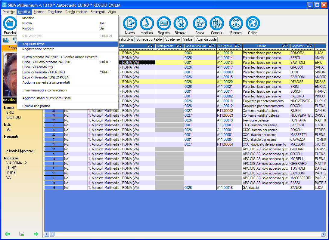 Selezionando la voce "Nuovo prenota PATENTE - Cambia azione richiesta", selezionate "Inserisci/modifica foto e firma". Nella pratica dovrà essere già presente la marca operativa della prenotazione.
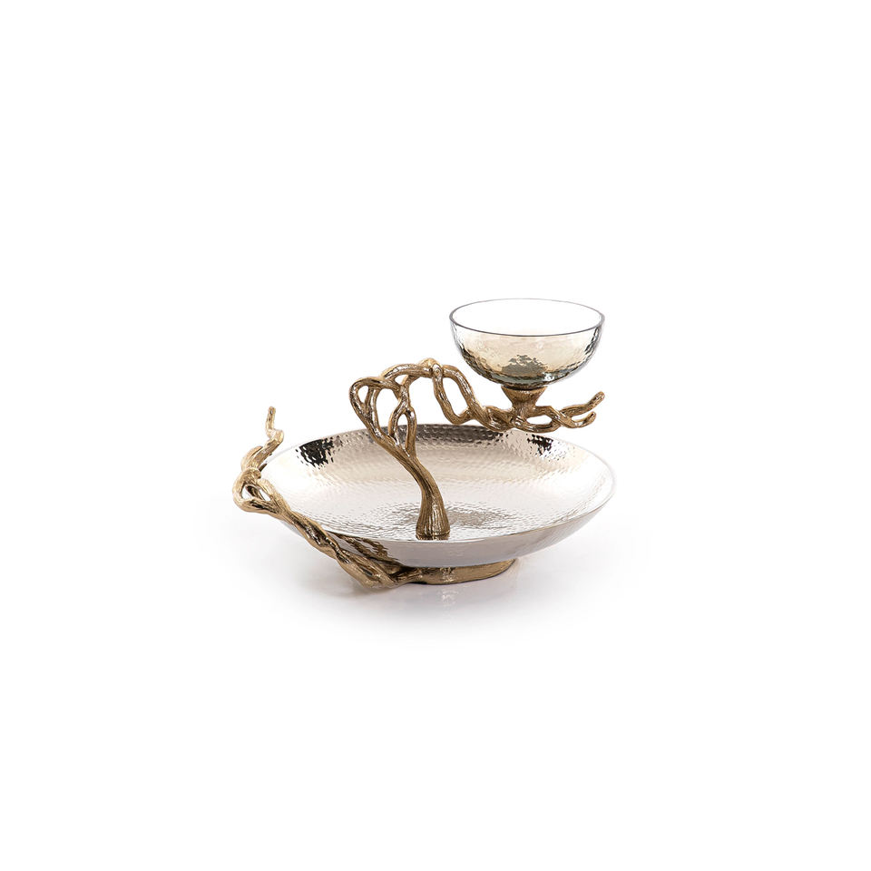ชุดถาดรองขนมโลหะทุบสีทองห้าชามพร้อมลายใบไม้อุปกรณ์ตกแต่งและเครื่องใช้บนโต๊ะอาหารแบบปรับแต่งได้ทันสมัย
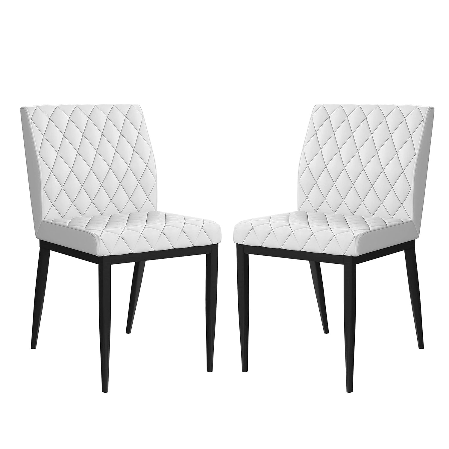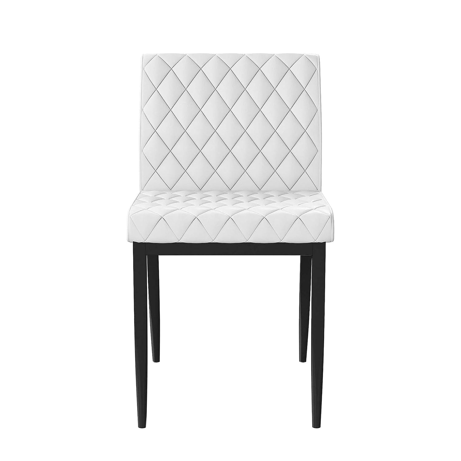 Bring modern sophistication to your dining space with this set of 2 leatherette and metal chairs in black and ivory. Clean lines, a diamond-pattern seat back, and a durable metal frame combine for contemporary style, everyday comfort, and easy maintenance—ideal for dining rooms, breakfast nooks, or casual seating areas.
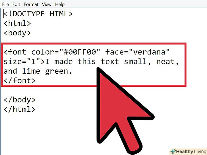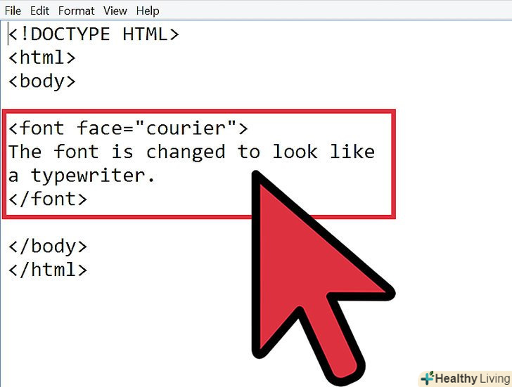 Припустимо, що у вас вже відкритий HTML код. якщо ви хочете додати / відредагувати текст, то він буде укладений всередині тега шрифту.- Наприклад:lt;font gt;це текст.lt;/fontgt;
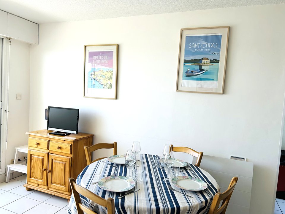 | Séjour/ Salon 1 table et 4 chaises 1 buffet + 1 meuble avec télévision 1 Canapé lit 140 1 Baie vitrée exposée Nord-Ouest, donnant sur terrasse Vue Mer | 13 | Nord-Ouest |
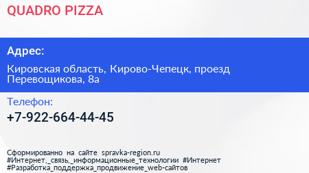 QUADRO PIZZA по адресу Кировская область, Кирово-Чепецк, проезд Перевощикова, 8а в дальнейшем Организация, размещена в следующих категориях:
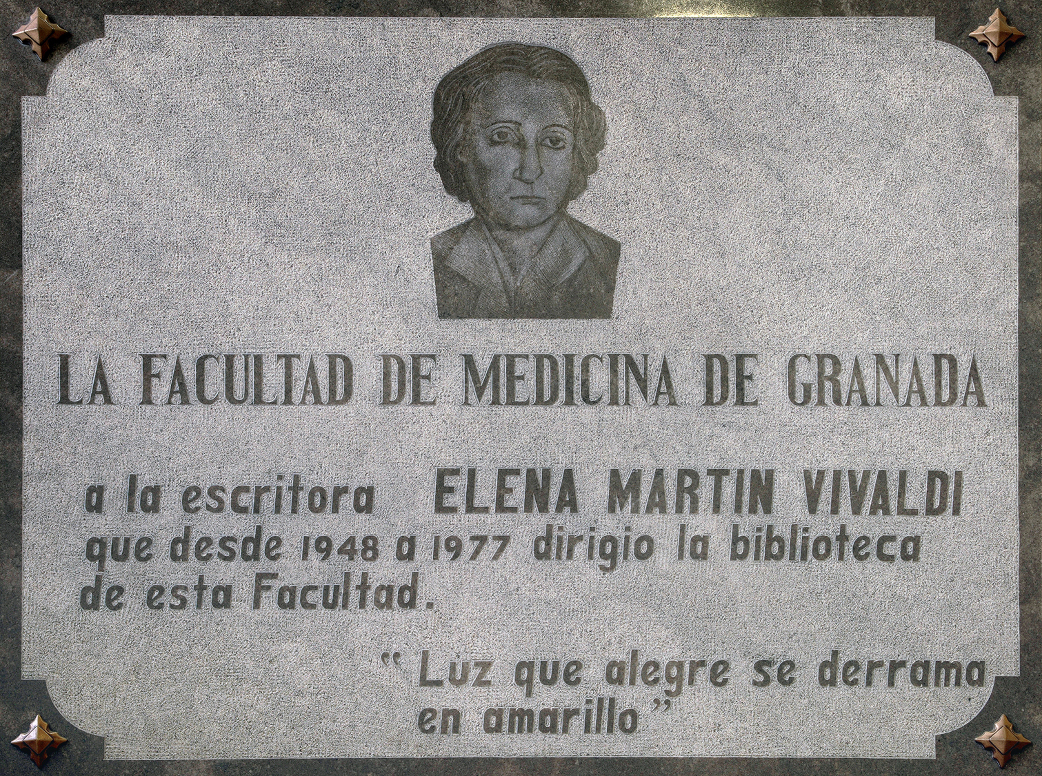 Lápida labrada en piedra de Sierra Elvira, caliza gris de gran dureza, en la que se representa un retrato de la homenajeada bajo el cual puede leerse: LA FACULTAD DE MEDICINA DE GRANADA/ a la escritora ELENA MARTÍN VIVALDI/ que desde 1948 a 1977 dirigio la biblioteca/ de esta Facultad./ " Luz que alegre se derrama en amarillo".
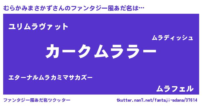 | 男性向けラノベタイトル風あだ名 | 『冴えないむらかみまさかずの育てかた』 |
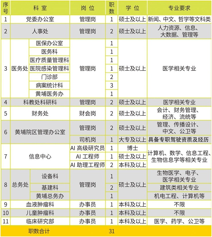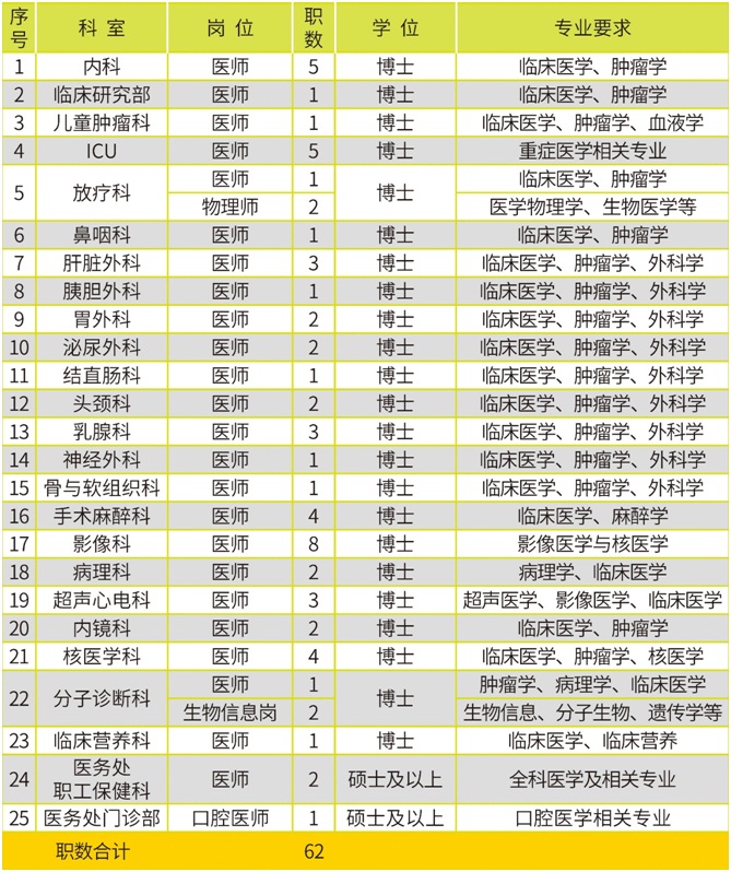 4、以上岗位招聘人员工作地点:中山大学肿瘤防治中心各院区。
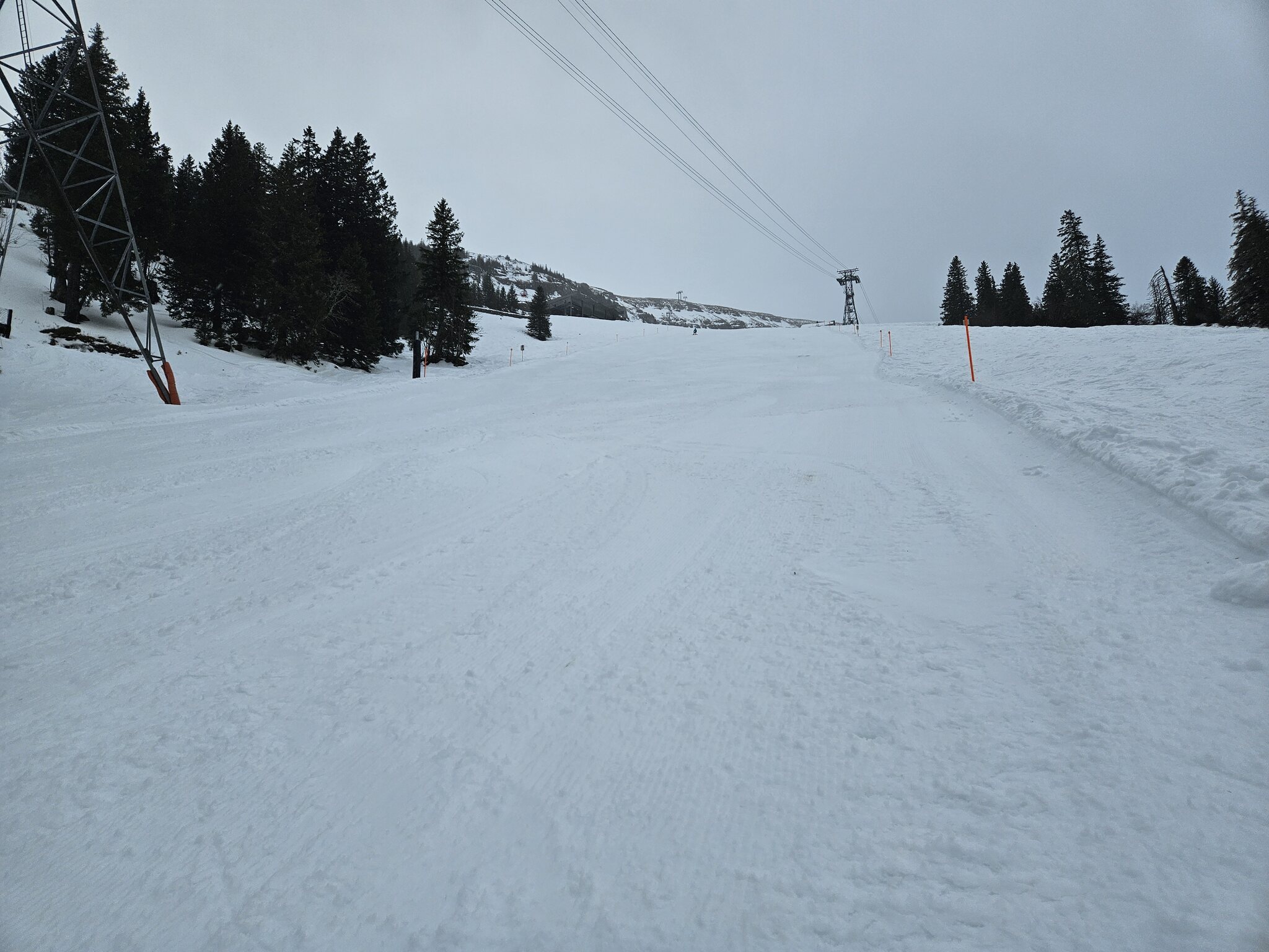 Weil es wirklich nicht so toll zu fahren ist, und ich zeitig heim wollte, ging's nach 2 SL Fahrten bereits wieder auf die Talabfahrt, die markiert aber geschlossen ist, aber gemäss meiner Anfrage heute morgen bei den Bergbahnen fahrbar ist.
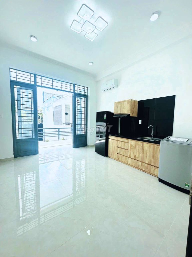 Căn hộ dịch vụ mini 1 phòng ngủ với diện tích 50m² tại địa chỉ 777 Nguyễn Kiệm, Quận Phú Nhuận đang được chào thuê với mức giá 8 triệu đồng/tháng. Căn hộ có nội thất cao cấp, hướng ban công Đông Nam, được trang bị hệ thống PCCC, có sổ hồng riêng, vị trí gần sân bay và trung tâm thành phố.

**WHAT THE TASK ASKS:** Although the records above contain pictures, the copy must not; set down exactly the lines from the one with "Lápida labrada en" up to and including the one with "4、以上岗位招聘人员工作地点:中山大学肿瘤防治中心各院区。".

**THE COMPLETED TASK:**
 Lápida labrada en piedra de Sierra Elvira, caliza gris de gran dureza, en la que se representa un retrato de la homenajeada bajo el cual puede leerse: LA FACULTAD DE MEDICINA DE GRANADA/ a la escritora ELENA MARTÍN VIVALDI/ que desde 1948 a 1977 dirigio la biblioteca/ de esta Facultad./ " Luz que alegre se derrama en amarillo".
 | 男性向けラノベタイトル風あだ名 | 『冴えないむらかみまさかずの育てかた』 |
 4、以上岗位招聘人员工作地点:中山大学肿瘤防治中心各院区。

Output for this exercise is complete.